What does the industry think?
So what do others in the industry think? We asked John Moor, managing director of the IoT Security Foundation. He told us, “The RoT is a critical part of the IoT. A major impediment to security is cost, so having an open source RoT would be helpful.” He said that transparency is a good thing, but that it’s important that the open source gets the scrutiny it should. “If it genuinely has scrutiny it’s a good thing.” He added that the cost and the power of Google behind it is probably a good thing.
Andy Hopper, the chairman of lowRISC, and a veteran of the computing industry who originally founded the pre-cursor to Arm back in 1978, said, “The silicon root of trust is too important a foundational security technology to be proprietary; the OpenTitan project is another example of how open source development encourages innovation and serves greater interests by creating a truly trustworthy piece of silicon. As someone involved in the computer science and hardware industry for several decades, I'm encouraged to see companies working in a more collaborative and transparent fashion with researchers and the open source community to continue innovating in a post-Moore's law world."

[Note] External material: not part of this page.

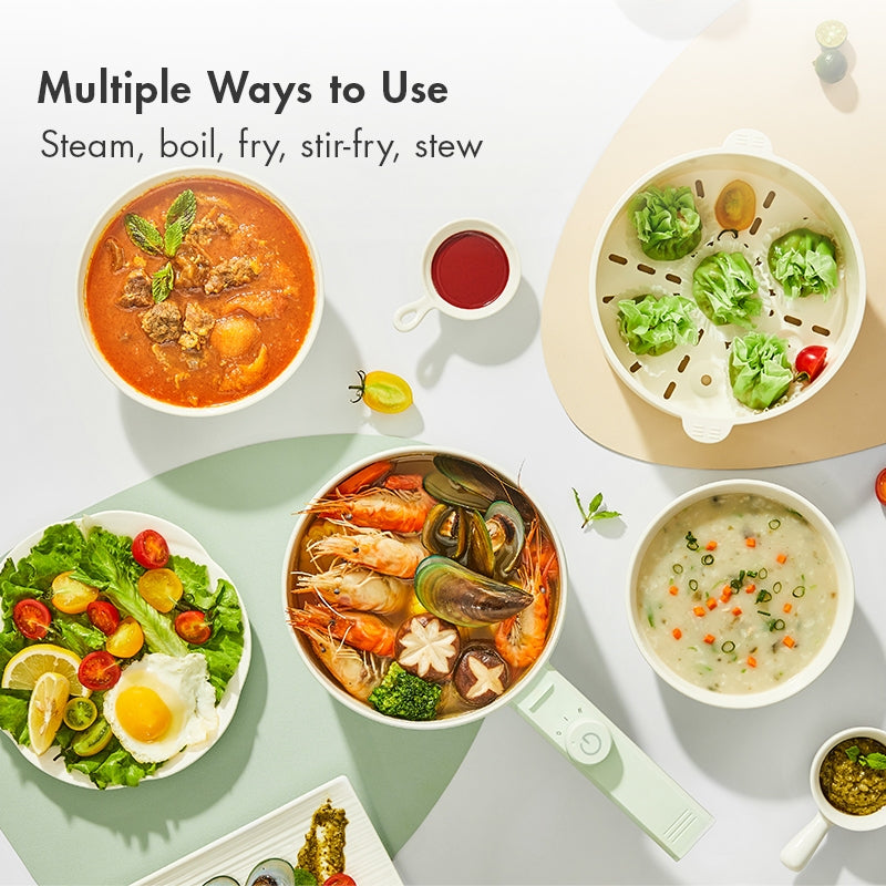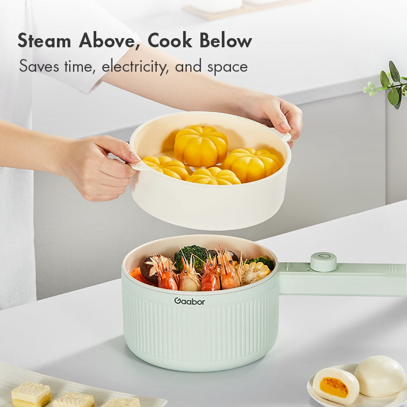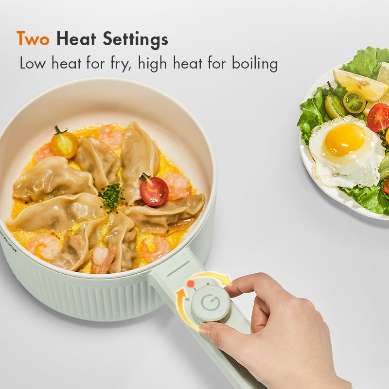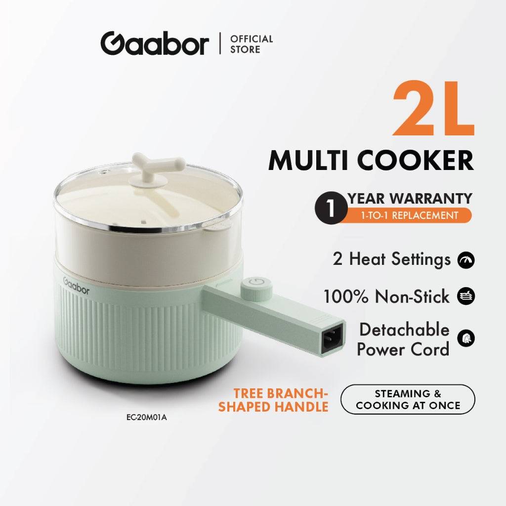 ***1 YEARS 1-TO-1 REPLACEMENT 【EC-20M01A Product Description】 Brand: Gaabor Product Name: Multifunctional Electric Skillet Model: EC-20M01A Rated Capacity:2L Color: light green Product Size: 350*245*200 (mm) Product Weight: 1. 25kg 【Features】 ~ 2L capacity, suitable for 1-2 people ~ Multiple ways to use. Simmered,Pan-fried,Hot-pot,stir-fried,steamed ~ Steaming, frying, frying, fancy cooking to satisfy your stomach ~ Food-grade non-stick coating, easy to clean and take care of ~ Two levels of firepower adjustment, control the fire at any time ~ Double-layer anti-scalding cup body, double the safety ~ Double safety, high temperature + anti-dry burning power-off protection ~ The long handle makes frying comfortable and won''t burn when you cook ~ Steamed egg groove design, steamed egg does not roll ~ Pot lid twig handle, place stable 【Ciri-Ciri】 ~ Pelbagai cara penggunaan: Direbus, digoreng, hot-pot, tumis, kukus. ~ Adjustable power, High power suitable for boiling water, low power suitable for heating milk and shabu-shabu. ~ The long handle makes frying more comfortable and won't burn while cooking. ~ Using a non-stick coating, it doesn't stick during frying. Easy to clean. ~ Double-layered body for prevention from burning during cooking. ~ Power failure protection if high temperature/dry burning/excessive heating. Automatic protection if the bottom temperature exceeds 185 degrees. ~ More details: ①Steamed egg groove design, steamed eggs do not roll. ②The pot cover handle is placed stably. ③Long handle, not easy to leak during washing, safer. Why Buy From Gaabor? ① 30-Days Return ***We provide 30-days return for the item that is unworn or unused, with tags, and in its original packaging. The return of goods should not affect secondary sale & return delivery charges shall be on his own. ② Up to 3 Years Gaabor Warranty* ***We provide 1-to-1 to replace your malfunction or faulty unit. Warranty only can be claimed once. ③ Professional Customer Service ***9AM - 10PM from Monday to Friday; 9AM - 6PM from Saturday to Sunday. *T&Cs Apply. Please Contact Customer Service For More Information on 30-Days Return and Gaabor Warranty.

Another veteran of the chip world, and member of the IoT Security Foundation’s executive steering board, Haydn Povey, said, “Generically we need to make people more aware of the need for a RoT, whether it’s open source or proprietary.” Povey, who is CEO and founder of Secure Thingz, and previously responsible for security at Arm, added, “Security is never going to be perfect, but it’s vital to have people thinking about security to ensure there are no gaps in thinking. Open source done right can actually be more secure.” He said security is the next major wave of computing, from the ‘edge to the enterprise’, and that while he did not have full details of OpenTitan, it looked like a major step forward in open source computing system security.